Осиротела Москва! Это сразу почувствовалось во всем: и в растерянных взглядах бояр и воевод, и в унылом блуждании по Кремлю монахов и нищих, отказывавшихся даже от милостыни, и в отсутствии прежней строгости и подтянутости у кремлевской стражи. Даже колокола звучали по-иному, их удары растекались в тишине жалобно, будто плакали они о покойнике... Торговля на площадях сразу упала – куда делась обычная бойкость хожалых и сидячих купцов, даже сбитенщики и блинники притихли. Смеха не услышишь, а если кто и засмеется, на него тотчас же шикают, с кулаками лезут...
Малюта не поехал с царем – такова была воля самого Ивана Васильевича: он разослал во все концы столицы своих соглядатаев, чтобы ловили неосторожные и всякие «супротивные речи» об отъезде царя из Москвы и доносили прямо ему, Малюте.
Соглядатаи перестарались: в первые же сутки пять десятков приволокли на съезжую для допроса.
Одного соглядатая Малюта самолично бичевал за ложное, придуманное им доносительство. «Врагов и без вранья немало. Надо берегчи огонь и плети для явных злодеев. Пожалеть надо и палачей. Того еще не хватало, чтоб мнимых крамольников им отделывать. Будто они сложа руки сидят. Дурень! Не велика корысть государю от безвинно пытанных. Противно и грешно то».
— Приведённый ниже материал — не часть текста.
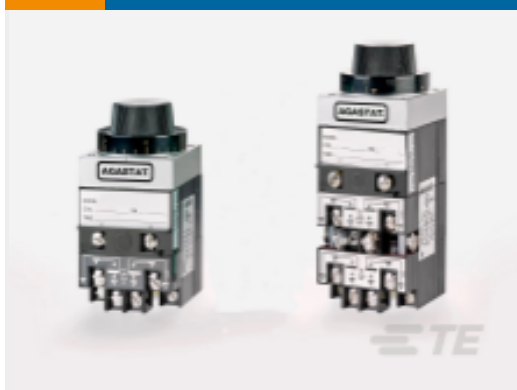
TE Part # 2-1423159-6 7012PD=RLY,STD,ON,2P,125VDC,50
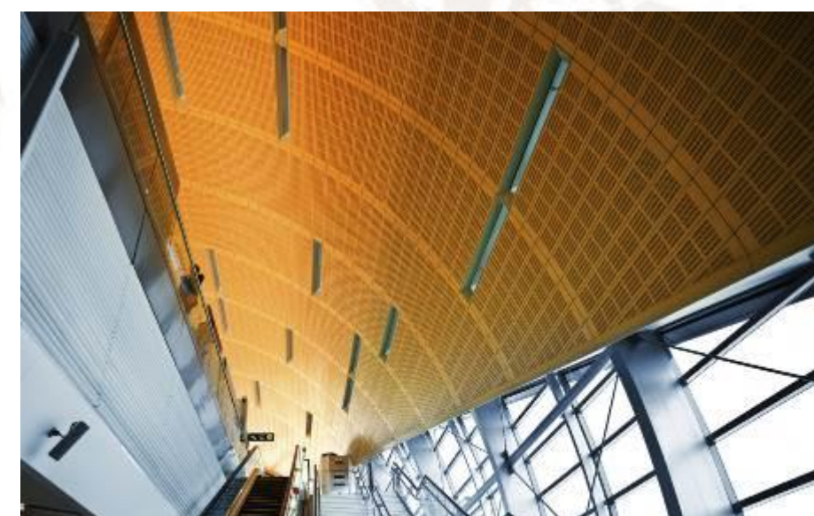
Ceiling of the Dubai underground station

The special mechanical features of the 3C-XXX-A015 (PS-06XXP3) series are most valued in the manufacturing of ceilings, doors, furnishings, and all those workings where post-decoration bending can result in a facilitation of the production process.
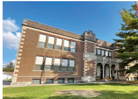
LEGACY PLACE SOUTH, FORMERLY SOUTH ELEMENTARY SCHOOL IN URBANA.
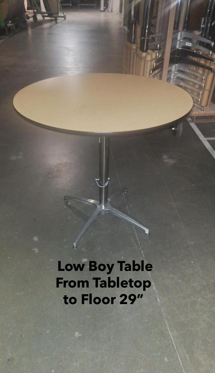
Low Boy Table From Tabletop to Floor 29"
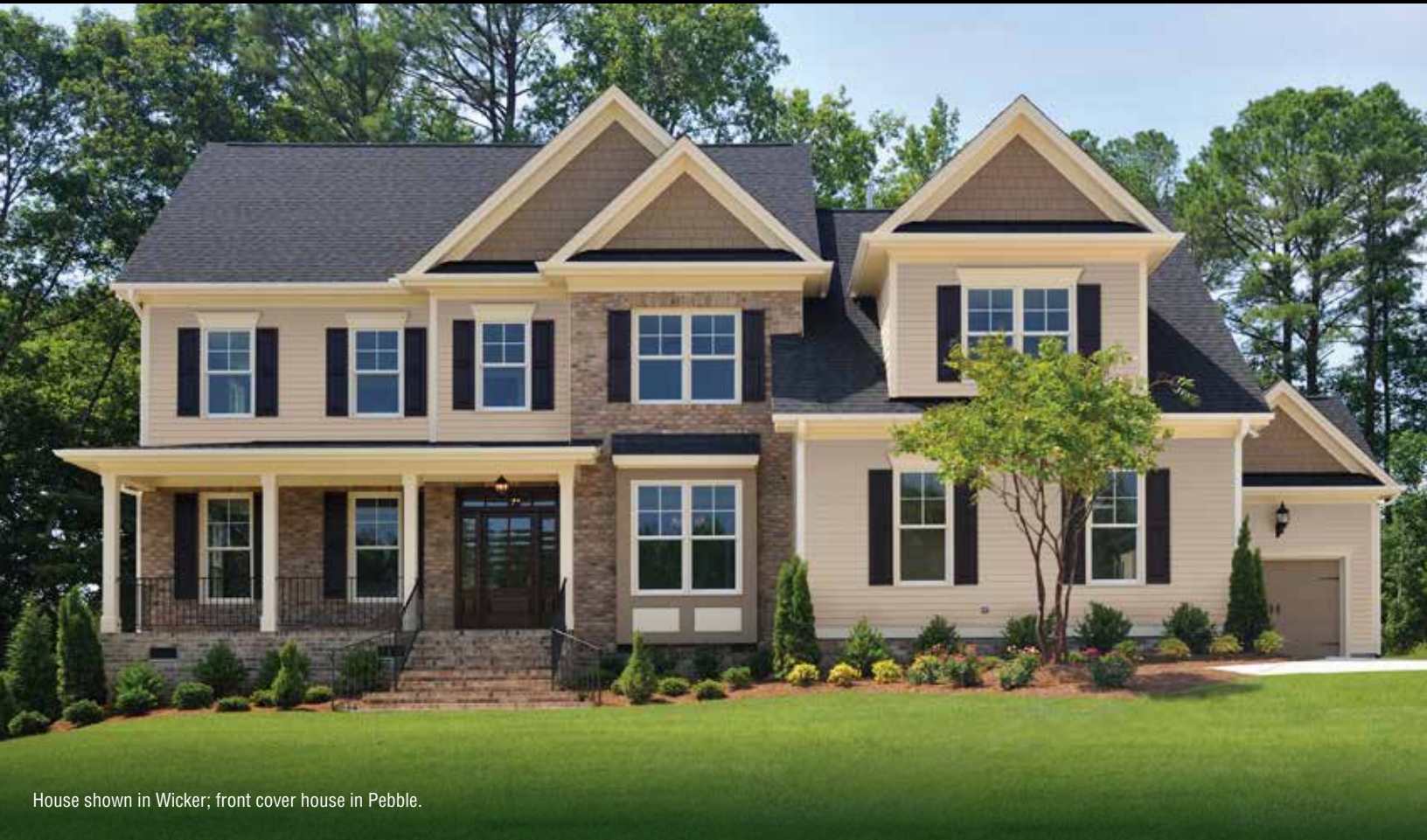
House shown in Wicker; front cover house in Pebble.

Beautifully crafted and value-priced, Driftwood II brings classic style to the forefront. The low-gloss finish, natural cedargrain texture and rich palette of colours will elevate the design potential of any home.
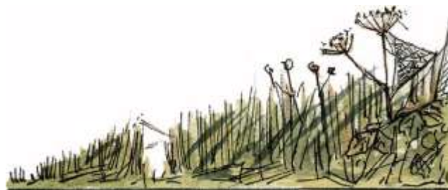
Cross-section of sward too long
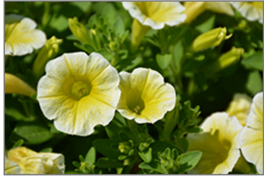
Blanket Yellow Petunia flowers

Blanket Yellow Petunia is recommended for the following landscape applications;
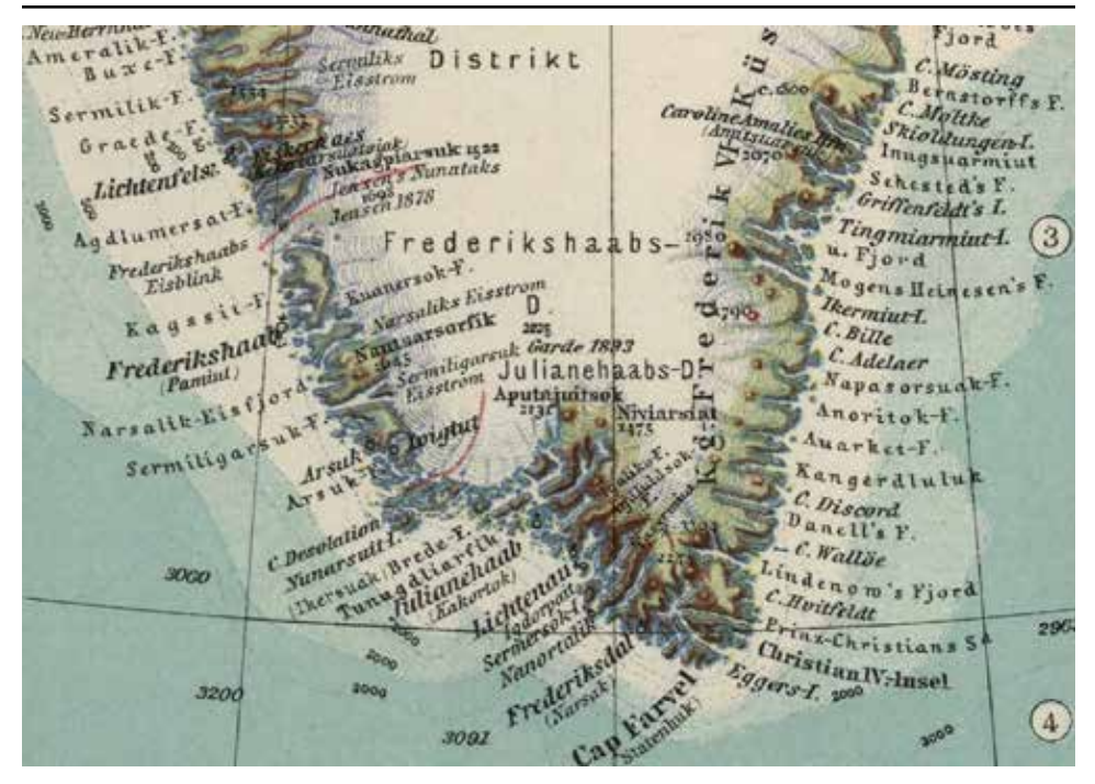
Detail of southern Greenland, circa. 1940 (Stielers Hand-Atlas, (1940) Plate 39)
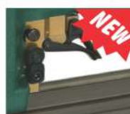
Versione SL VL SL VL model
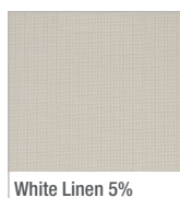
White Linen 5%
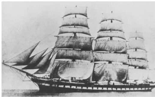
The clipper ship Sobraon under full sail in her heyday.

The Royal Australian Navy Recruit School had its beginnings in 1912 when the Clipper Ship Sobraon was Commissioned in Sydney as the 'Boy's Training Ship' HMAS Tingira .
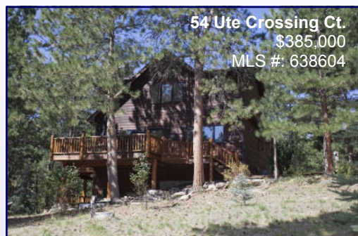
54 Ute Crossing Ct. $385,000 MLS #: 638604

MARK WEBBER ROCKY MOUNTAIN PROPERTY (303-747-1111) 720-291-9812 * mkwebber@msn.com
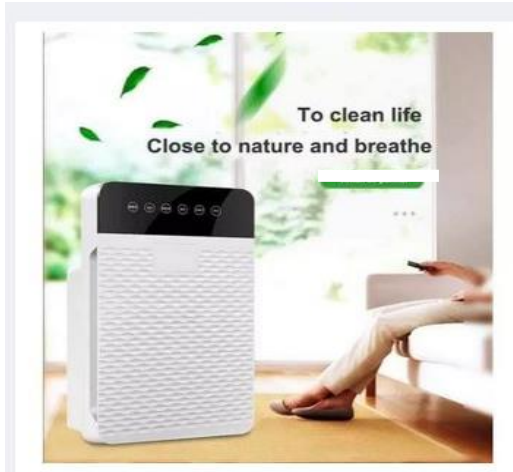
Air Purifier w/remote control hepa filter
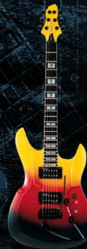
3-Tone Fireburst w/ Black Hardware
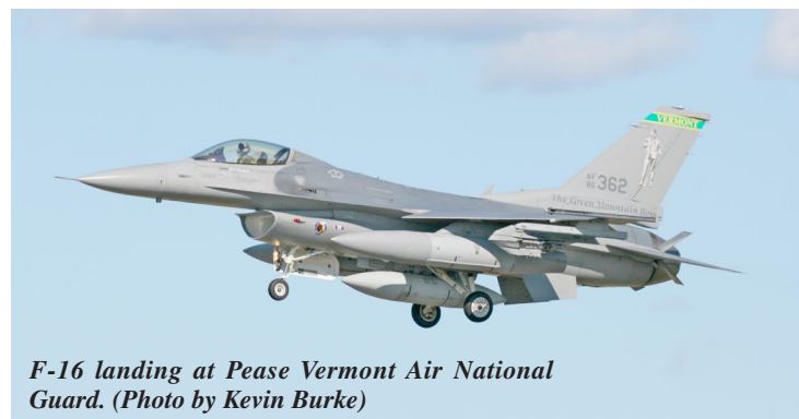
F-16 landing at Pease Vermont Air National Guard.

Previously reported frequencies used by the team are listed below. If you hear any of
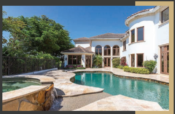
2130 Windsock Way $3,300,000

Why go to the airport... when you can bring the airport to you? Prime location with direct access to the taxiway in Wellington's premier, private, aeronautical community. Exquisitely customized with Palm Beach chic and style, reminiscent of an Addison Mizner estate, the home has only the finest finishes. Enter through the heavy hurricane impact wood, iron and glass doors and notice the 36 inch marble tiles that flow throughout the first floor. There is an array of natural wood and stone textures, complimented by the use of Chicago brick, creating a warm and inviting ambiance.
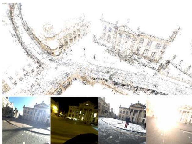
Figure 1. Visual localization in changing urban conditions. We present three new datasets, Aachen Day-Night , RobotCar Seasons (shown) and CMU Seasons for evaluating 6DOF localization against a prior 3D map (top) using registered query images taken from a wide variety of conditions (bottom), including day-night variation, weather, and seasonal changes over long periods of time.

[50, 65, 73], reducing memory requirements [12, 33, 50], and more flexible scene representations [54]. All these methods utilize local features to establish 2D-3D matches. These correspondences are in turn used to estimate the camera pose. This data association stage is critical as pose estimation fails without sufficiently many correct matches. There is a well-known trade-off between discriminative power and invariance for local descriptors. Thus, existing localization approaches will only find enough matches if both the query images and the images used to construct the 3D scene model are taken under similar viewing conditions.
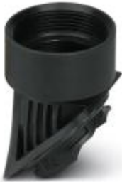
Adapter, plastic, for EVO housing, M40 thread

Please be informed that the data shown in this PDF Document is generated from our Online Catalog. Please find the complete data in the user's documentation. Our General Terms of Use for Downloads are valid ( http://phoenixcontact.com/download )

Малюта много знал, многое угадывал с первого вопля пытаемого, а иногда не надо было и пытки. Подозреваемый в измене под тяжелым, оловянным взглядом Малюты сам, без принуждения, во всем признавался и выдавал всех своих сообщников. Были и такие, что со страха наговаривали сами на себя всякие небылицы. Таких Малюта приказывал окатить холодной водой, отхлестать плетью и выгнать вон из съезжей избы, называя их бездельниками.
В день отъезда царя из Москвы и в последующие дни соглядатаи, по словам Малюты, «в жмурки играли», ловили людей с завязанными глазами, кто попадется. Это значило, что им делать было нечего.
Всюду слышались вздохи и плачи об отъезде государя. Никогда Малюта и не думал, что в народе есть такая крепкая привязанность к царю. Куда ни глянешь, везде скорбь и молитвы о здравии Ивана Васильевича. И чем ниже званием человек, тем более тосковал он.
Выходит – у страха глаза велики. Стало быть, он, Малюта, и сам запугал себя изменою и царя запугал, согрешил перед Богом, царем и людьми?
Несколько ночей подряд раздумывал об этом Малюта. Не спалось. При воспоминании о многих своих доносительствах и опрометчивых поступках ему делалось совестно.
Вот он стоит на кремлевской стене один, в суровой неподвижности. Луна щедрою рукой разбросала свое лучистое сияние в тихой, безветренной и безоблачной московской ночи, посеребрив оснеженные верхушки кремлевских башен, крыши бревенчатых домиков, кривые, узкие улочки, Москву-реку... Малюта ошибся. Он приготовил возы с кандалами, чтобы ковать крамольников, он уже мечтал о том, как он доложит царю об истреблении внезапно обнаруженного сонма преступников, и вдруг...
Изменники не столь многочисленны, как ему думалось. Он готовился во всеоружии встретить восстание в Москве после отъезда царя. Для того и остался здесь. А вышло, что дела не только не прибавилось, но и поубавилось.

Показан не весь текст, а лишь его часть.